Yes, it's yet another article about buffing paintwork, and again it is the work of buffmeister Willy Winterfalk... and I told him I was determined to catch him out this time. Buffing won't give you perfection, you can never get rid of all the scratches - and I really want to show the cars we have done 'warts and all'.
So I told Willy that I would be following him around with the camera in order to catch the bits that he couldn't remove or didn't get quite right.
However, Willy is just here to train us this week, so when Mark Craine brought his beautiful TVR to us, we agreed a price of £269 including valet for Willy to buff the paintwork - and he had less than a day to do it instead of his normal 2 days. (We did have the car for 2 days, but most of this time was spend preparing the car for buffing and valeting the car).

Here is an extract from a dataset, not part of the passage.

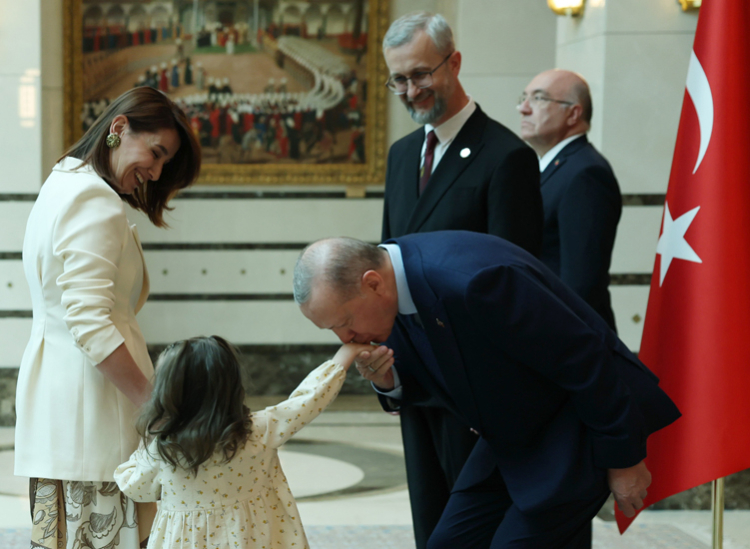 Büyükelçiler, protokol gereği önce güven mektuplarını Cumhurbaşkanı Erdoğan’a takdim etti, ardından büyükelçilik mensupları ve aile bireylerini tanıttı.

Willy inspects the paintwork for spider-webs (swirl marks) , oxidization, stains, acid etching and fallout.
They don't get many TVRs in Sweden and so Willy was quite keen to try his techniques on a car made from composite materials. He is not a complete stranger to GRP and fiberglass materials - as already mentioned, Willy's background is in Chemical Engineering and one of his first jobs was working in the labs at International Marine Coatings who are famous for making paints of boats, so he was able to give us an education on the subject.
Buffing plastic or composite panels raises interesting issues, because Willy's buffing process is geared around heat, metal panels absorb and hold heat caused by friction in the buffing process. But GRP doesn't. This means that the paint won't heat up slowly, it will heat up very quickly as there is no metal panels to take and disperse the heat. Also, there are no metal panels to hold the heat, so as soon as you take the buffing pad off the paintwork it cools down. Heat is critical to the process of removing swirl marks, so it is important to get the paint hot, yet too much heat and the paint will bind and burn. So Willy needed to experiment a fair bit, starting of with fine buffing pads and polish and working up till he found a combination that works.
The overall look of the car wasn't too bad, but as can be seen from the photo above, the car was covered in micro-scratches which when catching the light cause patterns sometimes called spider webs or swirl marks.